I wanted to share to issues we experienced with fs_lvm, and how we mitigated it.
VM migration was broken. The datastore is expected to be shared, even if it the documentation say it doesn’t need to be. And if we share it, then volatile disks are stored on the NFS host, not on the local machine.
Upon host restart the VMs couldn’t reboot. The VMs directory structure was still there and in good shape, but the LV was no longer activated, causing the VM to fail to boot.
fs_lvm force raw image conversion from qcow2 during clone. This would break thin provisioning (if our SAN supported it) and also causing longer “prolog” since, the full disk (filled with zero) would be copied instead of than the very small image (8GB vs 600MB, in our case)
Since the image store “TM_MAD” is used to trigger the lvm “copy” we need two image stores. One standard for everything else (local storage, etc.) and a second one just for fs_lvm.
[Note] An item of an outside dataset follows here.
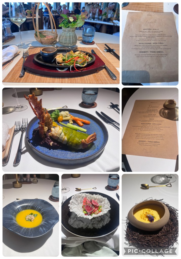 As part of my package, I had full board, several activities and a complimentary foot massage. I also had numerous ‘gifts’ – a silk shawl, a fan, a Panama hat (which I left behind lol), a dried kumquat for bedtime, a slug of rice wine after dinner, and a bag of cookies for the journey back to Hanoi!! I did a sleep meditation under the stars, and two boat trips – one around one of the bays we were moored in, and one to visit a floating village. The food… was just amazing. We had a 3-course lunch and 5-course dinner. I thought I was going to burst.

And this is even if the images are not really stored on LVM but are both on local storage anyway.
Modified the MV script to actually copy (via rsync + ssh) the symlinks and volatile disks before activating the LV.
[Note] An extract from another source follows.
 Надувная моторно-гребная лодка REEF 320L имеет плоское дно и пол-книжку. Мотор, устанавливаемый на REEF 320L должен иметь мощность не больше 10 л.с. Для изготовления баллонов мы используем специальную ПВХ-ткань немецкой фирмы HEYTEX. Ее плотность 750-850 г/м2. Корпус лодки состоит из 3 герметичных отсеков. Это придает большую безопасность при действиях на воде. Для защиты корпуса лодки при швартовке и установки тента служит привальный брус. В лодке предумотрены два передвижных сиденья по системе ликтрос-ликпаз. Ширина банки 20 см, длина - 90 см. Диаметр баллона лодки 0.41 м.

Added a hook on VM start, to double-check that the LV is activated, if a LV symlink is present and but broken.
Modified the clone script to use dd instead of qemu-img convert. Also, we run qemu-resize to fix the qcow image size.
We didn’t fix this one yet, but I included it anyway. Looking at the code, I understand why this is. It would seem natural, however, than if we select an SSH or Shared image and we select the VM to be deployed on a “fs_lvm” datastore, it should work. Do you have any plan on improving this? We thought of making a new “wrapper” TM, say “ssh+fs_lvm”, that would wrap SSH and FS_LVM together and trigger the real TM according to the destination DS TM .